++++ INFORMATION SUPPLIED ++++

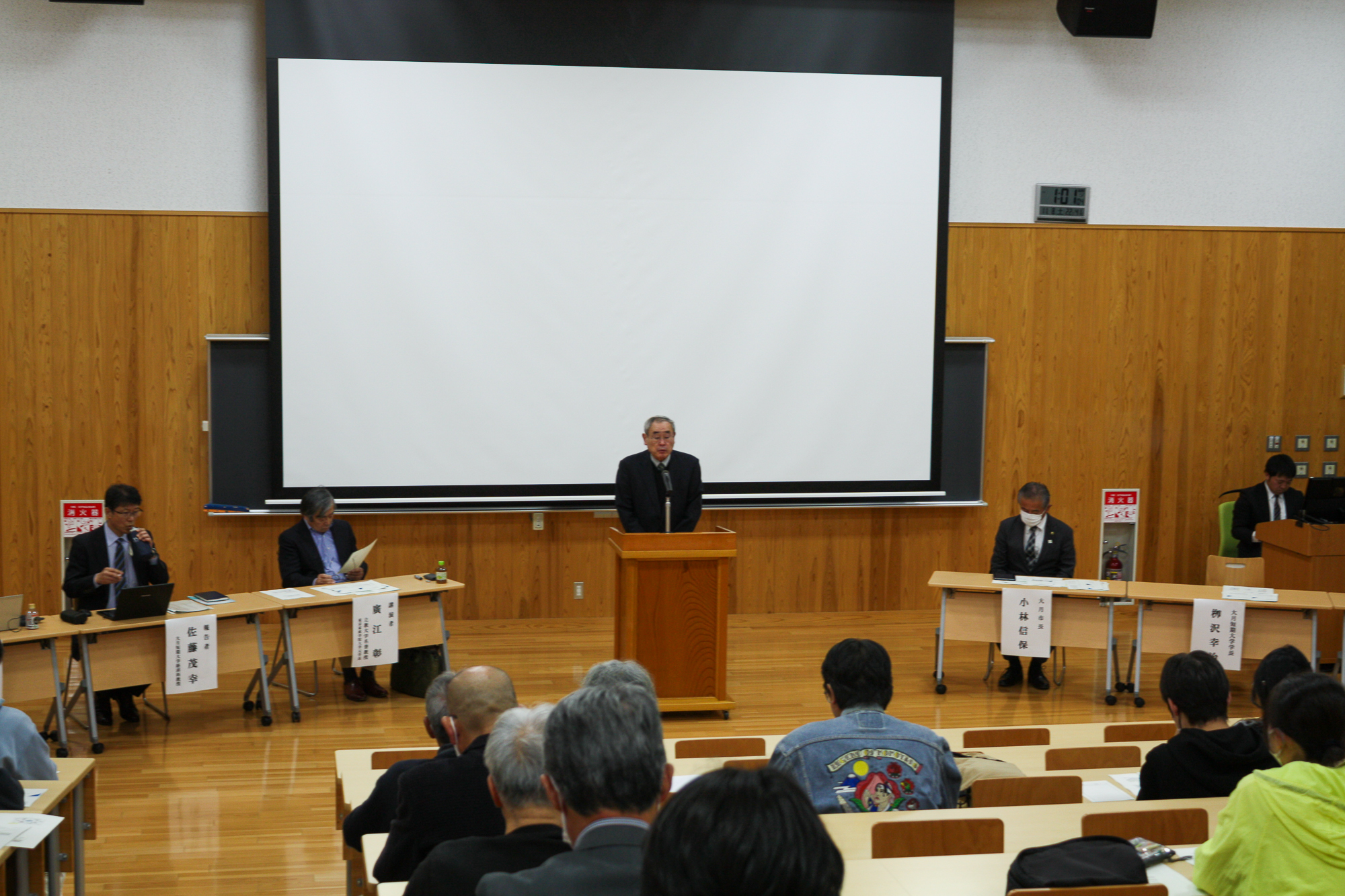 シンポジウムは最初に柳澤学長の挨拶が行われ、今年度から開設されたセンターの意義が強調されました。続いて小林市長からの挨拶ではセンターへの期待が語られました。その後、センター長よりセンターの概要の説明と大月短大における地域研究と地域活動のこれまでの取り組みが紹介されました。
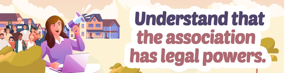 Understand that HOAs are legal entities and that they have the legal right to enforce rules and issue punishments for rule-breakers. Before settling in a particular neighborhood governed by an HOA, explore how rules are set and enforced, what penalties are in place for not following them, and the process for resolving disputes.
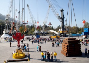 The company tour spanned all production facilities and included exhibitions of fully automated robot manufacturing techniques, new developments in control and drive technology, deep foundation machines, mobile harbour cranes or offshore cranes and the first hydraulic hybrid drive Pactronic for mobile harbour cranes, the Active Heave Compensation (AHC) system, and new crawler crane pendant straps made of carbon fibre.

++++

→ **AIM OF THE EXERCISE**: Word for word, repeat the data above with the pictures left out.

→ **EXERCISE RESULT**:
 シンポジウムは最初に柳澤学長の挨拶が行われ、今年度から開設されたセンターの意義が強調されました。続いて小林市長からの挨拶ではセンターへの期待が語られました。その後、センター長よりセンターの概要の説明と大月短大における地域研究と地域活動のこれまでの取り組みが紹介されました。
 Understand that HOAs are legal entities and that they have the legal right to enforce rules and issue punishments for rule-breakers. Before settling in a particular neighborhood governed by an HOA, explore how rules are set and enforced, what penalties are in place for not following them, and the process for resolving disputes.
 The company tour spanned all production facilities and included exhibitions of fully automated robot manufacturing techniques, new developments in control and drive technology, deep foundation machines, mobile harbour cranes or offshore cranes and the first hydraulic hybrid drive Pactronic for mobile harbour cranes, the Active Heave Compensation (AHC) system, and new crawler crane pendant straps made of carbon fibre.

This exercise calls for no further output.